» **Work order**:
Write out every record below exactly as it appears, omitting the pictures.

── Material shown ──

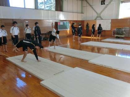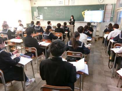 1年生の授業の様子を紹介します。 【写真上:保健体育】 【写真中:数学】 【写真下:国語(書写)】
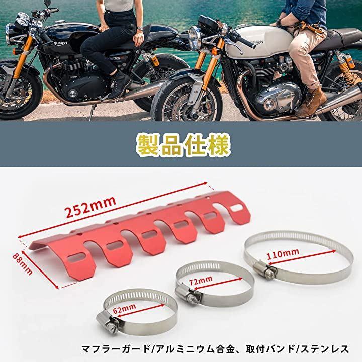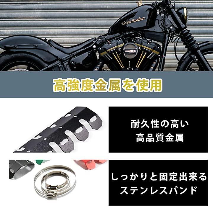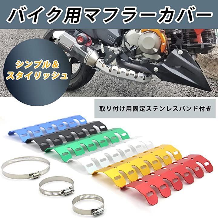 「セット内容」マフラーガード、取付バンド3個「バリエーション」ブラック/レッド/イエロー/ブルー/グリーン/シルバー「材質」マフラーガード/アルミニウム合金、取付バンド/ステンレス
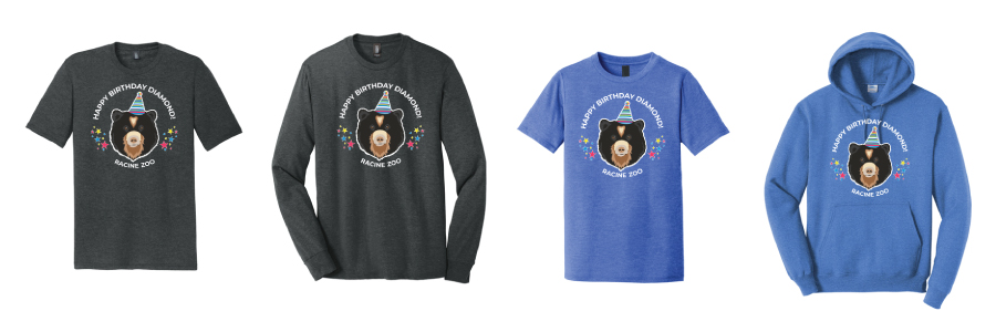 To further celebrate this special occasion, exclusive Diamond birthday apparel is also available! Multiple colors of shirts and sweatshirts are available in youth and adult sizes. Funds raised will help support the care of our animals.
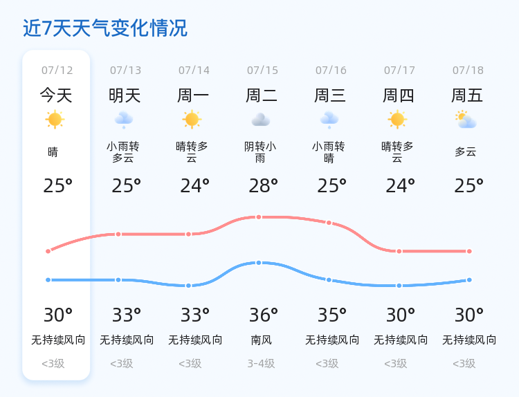 今天是7月12日,星期六,农历六月十八。日照市迎来了一天的晴朗天气,气温在25℃到30℃之间,东北风2级,空气湿度为78%,PM2.5指数为29,空气质量良好。各区天气情况基本一致,均为晴朗,适宜市民户外活动。
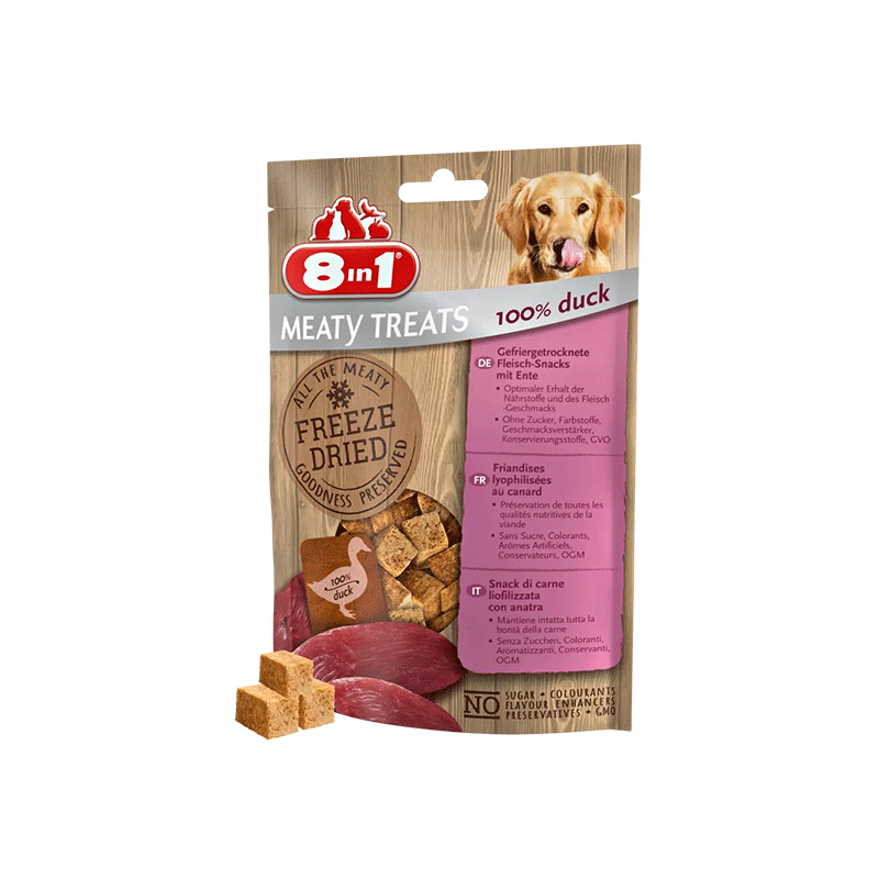 8in1 Meaty Treats Freeze Dried treats with 100% duck breast – skanėstai šunims su šaltyje džiovinta antienos krūtinėle.
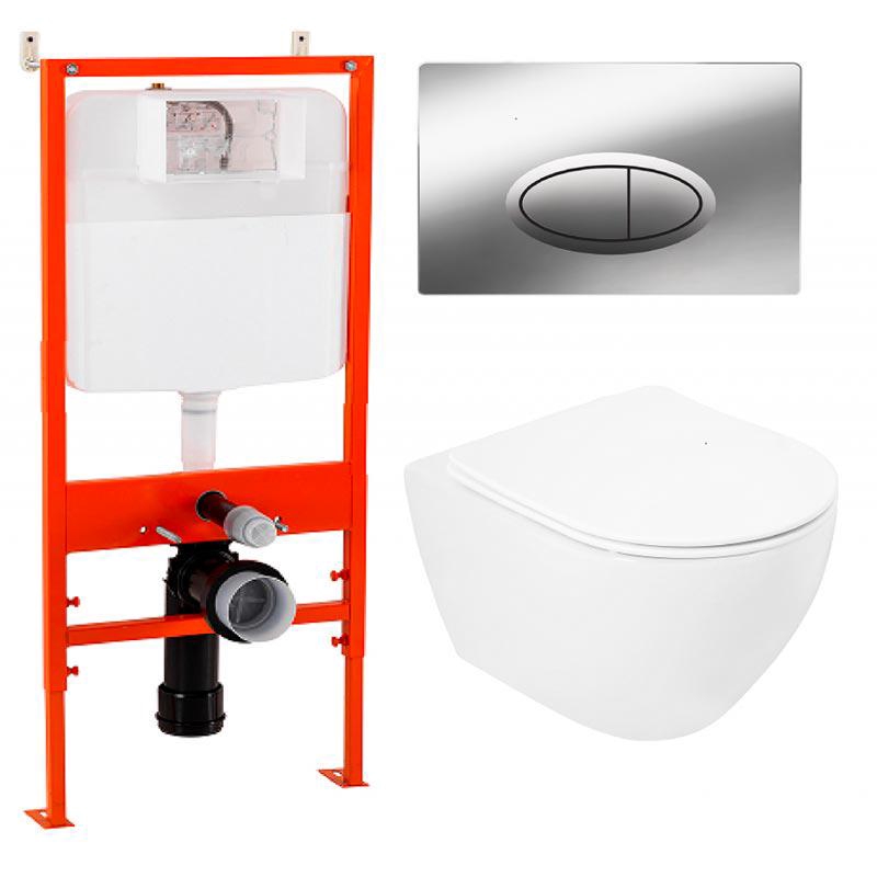 Комплект: унитаз подвесной безободковый, сиденье с микролифтом, инсталляция для подв.унитаза, крепёж, клавиша смыва цв.хром, Onda ZZ
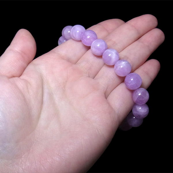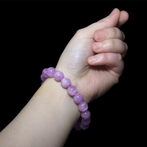 高品質ミルキークンツァイトのブレスレットです。クンツァイトは、1902年にカリフォルニア州で発見された比較的新しいパワーストーンですが、「スポデューメン」という鉱物の一種で、その中でピンク色のものをクンツァイトといいます。本商品は、ほんのりラベンダー色の優しい色合いのクンツァイトです。中には、キャッツアイが見られる箇所もございます。さり気なく手元を飾ることができ、大人の女性らしさが更に際立つでしょう。
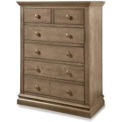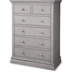 The Pine Ridge/ Stone Harbor 5 Drawer Chest coordinates with either the Pine Ridge or Stone Harbor Cribs. This beautifully designed chest has matching the lines to either of the cribs and completes every nursery. The 5 drawer chest has wooden dovetail drawers, smooth, strong, and quiet steel ball bearing drawer glides, and features traditional furniture construction.
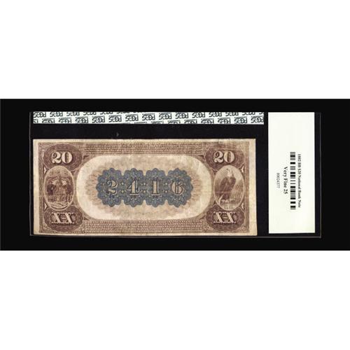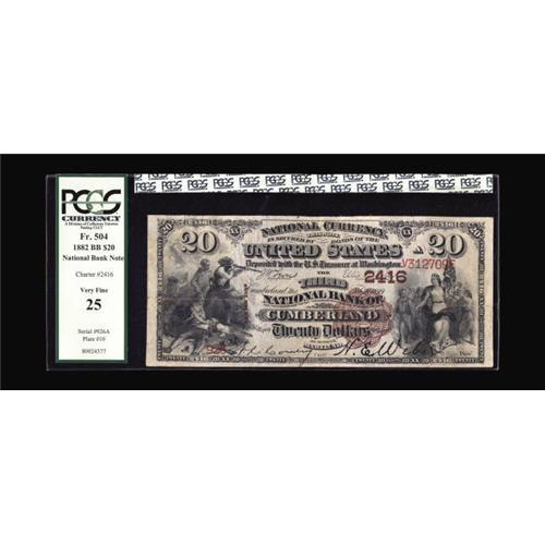 <B>Cumberland, MD</B></I> - $20 1882 Brown Back Fr. 504 <B>The Third NB</B></I> Ch. # 2416<BR>The population of Cumberland around the turn of the century (around the time this note was issued) was 65,000. Despite the relatively small populus, the town boasted three prolific issuers of National Bank Notes. This attractive example is fully detailed and problem-free. <B>PCGS Very Fine 25.</B></I>
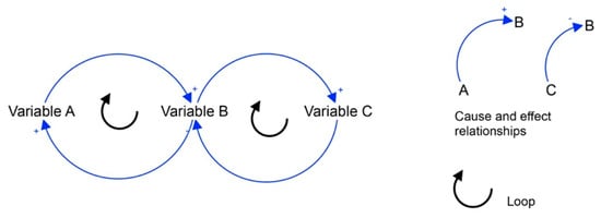 In detail, this section describes the phases of creating a basic structure of causal graph and a system dynamics flow graph. The basic structure of a causal graph is represented by the causal loop diagram (Figure 3) [78]. This diagram is used both to recognize the mutual influences which occur among the variables of the systems and to develop the feedback loops [45,69,74]. The processing of the causal loop diagram is the first phase to describe the dynamic behavior over time of the complex system [38,82]. Moreover, the mutual influences among variables can be either positive or negative [67]. A positive relationship means that the two variables will change in the same way. As an example, if variable A increases, then variable B will also increase. Within a negative relationship, the variables will change inversely. For instance, if variable C increases, variable B will decrease. Figure 3 illustrates a general structure of the causal loop diagram, identifying its main elements.
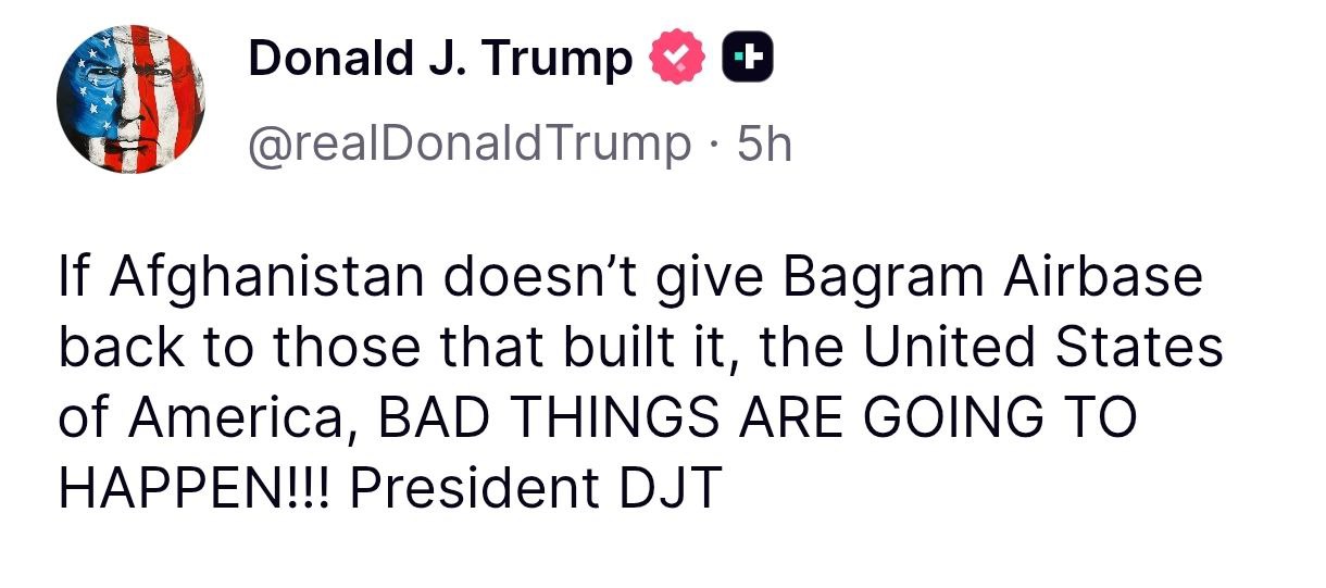 "Якщо Афганістан не поверне авіабазу Баграм тим, хто її створив, Сполученим Штатам Америки, можуть трапитися несприятливі події!" - заявив він.

───

» **Your response**:
 1年生の授業の様子を紹介します。 【写真上:保健体育】 【写真中:数学】 【写真下:国語(書写)】
 「セット内容」マフラーガード、取付バンド3個「バリエーション」ブラック/レッド/イエロー/ブルー/グリーン/シルバー「材質」マフラーガード/アルミニウム合金、取付バンド/ステンレス
 To further celebrate this special occasion, exclusive Diamond birthday apparel is also available! Multiple colors of shirts and sweatshirts are available in youth and adult sizes. Funds raised will help support the care of our animals.
 今天是7月12日,星期六,农历六月十八。日照市迎来了一天的晴朗天气,气温在25℃到30℃之间,东北风2级,空气湿度为78%,PM2.5指数为29,空气质量良好。各区天气情况基本一致,均为晴朗,适宜市民户外活动。
 8in1 Meaty Treats Freeze Dried treats with 100% duck breast – skanėstai šunims su šaltyje džiovinta antienos krūtinėle.
 Комплект: унитаз подвесной безободковый, сиденье с микролифтом, инсталляция для подв.унитаза, крепёж, клавиша смыва цв.хром, Onda ZZ
 高品質ミルキークンツァイトのブレスレットです。クンツァイトは、1902年にカリフォルニア州で発見された比較的新しいパワーストーンですが、「スポデューメン」という鉱物の一種で、その中でピンク色のものをクンツァイトといいます。本商品は、ほんのりラベンダー色の優しい色合いのクンツァイトです。中には、キャッツアイが見られる箇所もございます。さり気なく手元を飾ることができ、大人の女性らしさが更に際立つでしょう。
 The Pine Ridge/ Stone Harbor 5 Drawer Chest coordinates with either the Pine Ridge or Stone Harbor Cribs. This beautifully designed chest has matching the lines to either of the cribs and completes every nursery. The 5 drawer chest has wooden dovetail drawers, smooth, strong, and quiet steel ball bearing drawer glides, and features traditional furniture construction.
 <B>Cumberland, MD</B></I> - $20 1882 Brown Back Fr. 504 <B>The Third NB</B></I> Ch. # 2416<BR>The population of Cumberland around the turn of the century (around the time this note was issued) was 65,000. Despite the relatively small populus, the town boasted three prolific issuers of National Bank Notes. This attractive example is fully detailed and problem-free. <B>PCGS Very Fine 25.</B></I>
 In detail, this section describes the phases of creating a basic structure of causal graph and a system dynamics flow graph. The basic structure of a causal graph is represented by the causal loop diagram (Figure 3) [78]. This diagram is used both to recognize the mutual influences which occur among the variables of the systems and to develop the feedback loops [45,69,74]. The processing of the causal loop diagram is the first phase to describe the dynamic behavior over time of the complex system [38,82]. Moreover, the mutual influences among variables can be either positive or negative [67]. A positive relationship means that the two variables will change in the same way. As an example, if variable A increases, then variable B will also increase. Within a negative relationship, the variables will change inversely. For instance, if variable C increases, variable B will decrease. Figure 3 illustrates a general structure of the causal loop diagram, identifying its main elements.
 "Якщо Афганістан не поверне авіабазу Баграм тим, хто її створив, Сполученим Штатам Америки, можуть трапитися несприятливі події!" - заявив він.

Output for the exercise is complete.